• **Data**:

^^^^^^^^^^^^^^^^

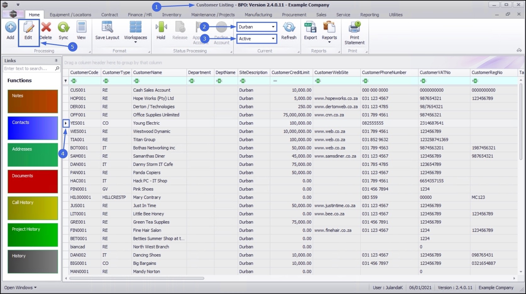 | Ribbon Access: Sales > Customers |
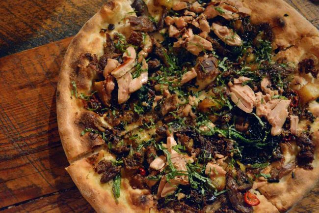 Double duck pizza, topped with duck confit, foie gras, rapini, apples & balsamic
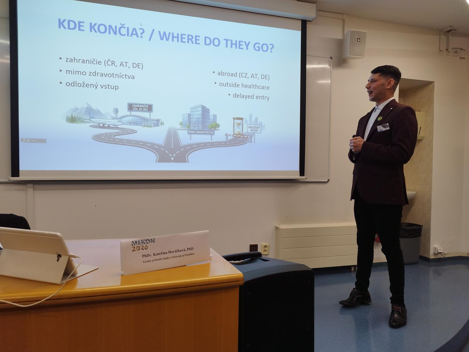 Mimoriadne úspešne si počínali poslucháči 2. ročníka magisterského štúdia ošetrovateľstva. Na XVIII. Celoštátnej študentskej vedeckej konferencii bakalárskych, magisterských a doktorských nelekárskych zdravotníckych odborov, ktorá sa konala 15. apríla 2026 v Pardubiciach obsadili pod vedením vyučujúcej dr. Ševčovičovej popredné priečky. Bc. Adriana Mydlárová získala 2. miesto v posterovej sekcii s témou Skúsenosti sestier s toxickou osobou v pracovnom kolektíve – kazuistika. Jej spolužiak Bc. Norbert Alexander Haseki, dipl. s. si v kategórii študentov magisterských odborov odniesol prvenstvo za prednášku s témou Odchodovosť absolventov ošetrovateľstva na Slovensku.
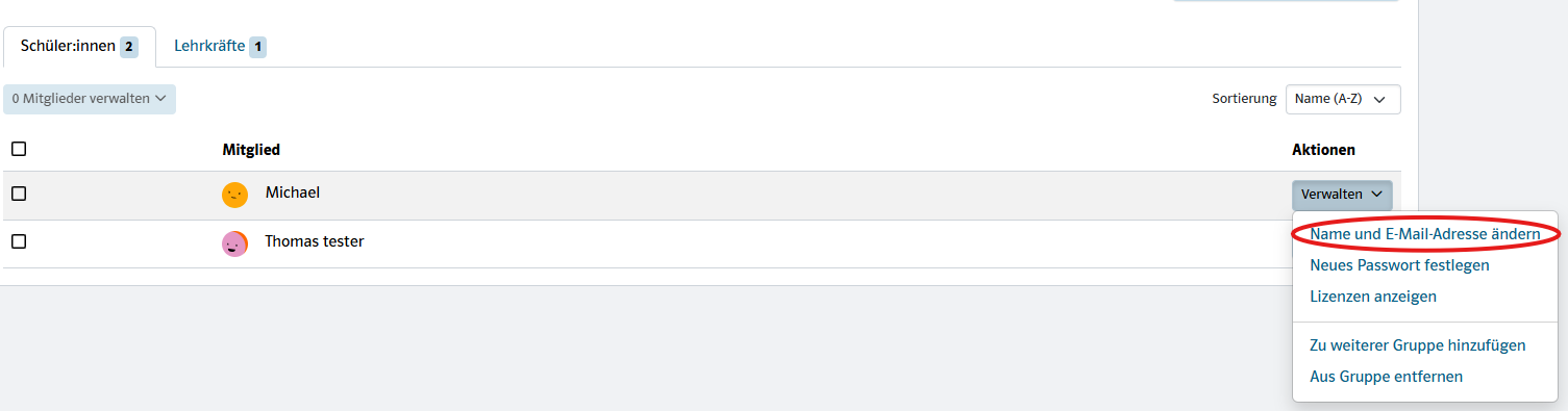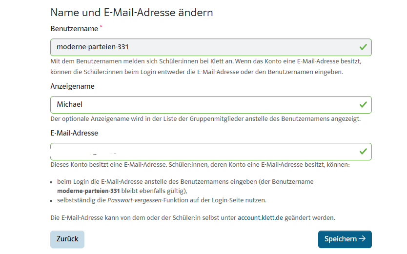 Nachdem das Konto erstellt wurde, ist der Benutzername jedoch festgelegt und nicht mehr editierbar. Lediglich der Anzeigename kann angepasst werden. Der Anzeigename kann ausschließlich von der Lehrkraft eingesehen werden:

^^^^^^^^^^^^^^^^

• **Goal of the exercise**: With every picture omitted, write out the material exactly from its first line through the line containing "Mimoriadne úspešne si".

• **Answer space**:
 | Ribbon Access: Sales > Customers |
 Double duck pizza, topped with duck confit, foie gras, rapini, apples & balsamic
 Mimoriadne úspešne si počínali poslucháči 2. ročníka magisterského štúdia ošetrovateľstva. Na XVIII. Celoštátnej študentskej vedeckej konferencii bakalárskych, magisterských a doktorských nelekárskych zdravotníckych odborov, ktorá sa konala 15. apríla 2026 v Pardubiciach obsadili pod vedením vyučujúcej dr. Ševčovičovej popredné priečky. Bc. Adriana Mydlárová získala 2. miesto v posterovej sekcii s témou Skúsenosti sestier s toxickou osobou v pracovnom kolektíve – kazuistika. Jej spolužiak Bc. Norbert Alexander Haseki, dipl. s. si v kategórii študentov magisterských odborov odniesol prvenstvo za prednášku s témou Odchodovosť absolventov ošetrovateľstva na Slovensku.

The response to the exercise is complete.